I went to London for Ross's sledge hockey tournament. It was good fun. His team won, which was awesome. I managed to catch two games. I'm really happy I went. It meant a lot to me to see him play.

I've started looking at apartments. I should be able to get the kind of place I need for $900-$950, if I keep my eye out. Oy, but this city is pricey. I was going to be paying at Ross's the same I pay now, which is hundreds of dollars less than what I'll likely be paying for my own place. So that kind of sucks because I won't be able to afford to travel around as much.

But I'm getting into the idea of having my own place. I am mostly past the disappointment and hurt I felt over not being able to move in with Ross. It took a few days for me to separate him loving me from him not wanting me to move in anymore. I still get a pang every now and then but it's fleeting.

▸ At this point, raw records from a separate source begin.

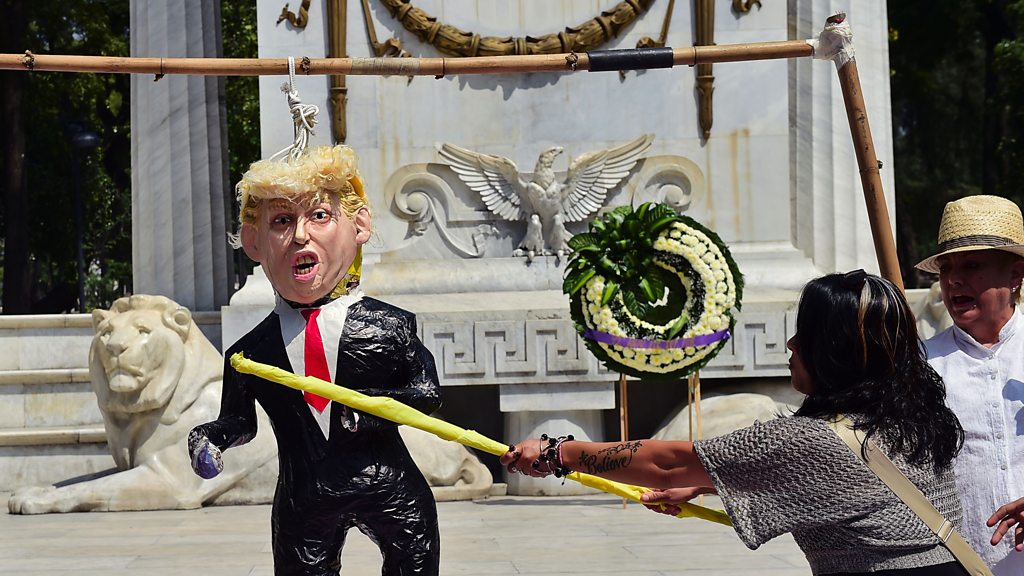 How is Mexico preparing for the presidency of Donald Trump? During the election campaign Mr Trump promised to tear up trade agreements with Mexico, build a border wall and send back millions of illegal Mexican immigrants. Caroline Bayley travels to Mexico to find out how the country feels about the US's new president and what impact his policies might have on Mexico. Producer: Anna Meisel. (Image: A woman hits a piñata of Donald Trump during a protest in Mexico City, on October 12, 2016. Credit: RONALDO SCHEMIDT/AFP/Getty Images)
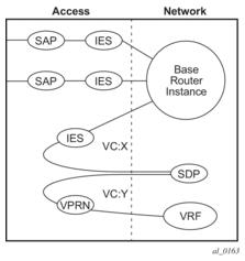 IP interfaces defined within the context of an IES service must have a SAP associated as the uplink access point to the subscriber network. Multiple IES services are created to segregate subscriber-owned IP interfaces.
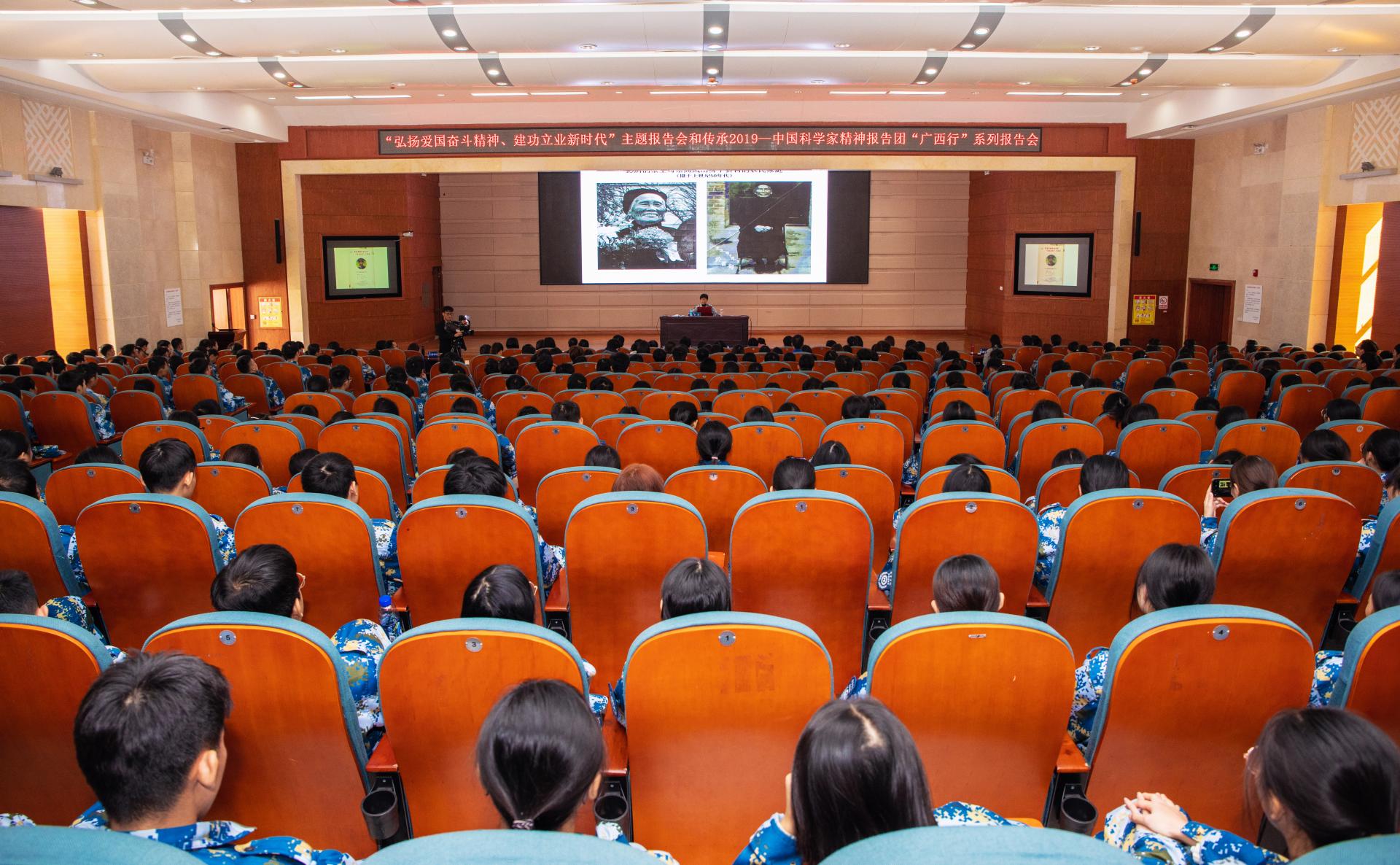 为在全校师生中牢牢树立爱国奋斗、无私奉献的家国情怀,传承老一辈科学家的高贵品格和道德情操。12月3日上午,学校邀请到革命烈士澎湃之孙女、中国第一任核潜艇总设计师彭士禄之女、传承2019——中国科学家精神报告团广西行”专家彭洁教授到校开展“弘扬爱国奋斗精神、建功立业新时代”报告会活动。学校党政办、组织部、宣传部、学工部、马克思主义学院、产学研处主要负责同志及各二级学院党总支副书记、全体辅导员及学生代表500余人聆听了报告。报告会由学校副校长龚击主持。

I am instead focusing on living alone. It will be an adventure. My first real apartment. And I'll be getting my first real grown-up furniture. I've been living like a nomadic student for years and years now. And it's about to change. I can start the official hunt in late February.

I've been worrying about money a bit. If I wanted to I could just dip into my inheritence and buy my furniture, which will likely total about $1,600 after my research and calculations. But I don't want to touch it for that. I still need to pay Ross back for my Dominican trip and that will take two months to do. I also am going to Vancouver for Easter, which will cost around $500.

And I plan on taking a jewellery course at George Brown. I want to learn how to make jewellery but I really would like to meet some new people my age. I need more friends. Over the course of a few months with this class I'm sure I could meet people. And that is a few hundred dollars.

I don't need to do it in the strictest sense. But I would certainly like to and it makes me feel bad that I might not be able to. I had these ideas and plans but they're somewhat more limited now that I know I'll have less money.

Meh. I'll manage it somehow. I do, afterall, have a security blanket in the bank and that's more than most people my age have. I shouldn't complain.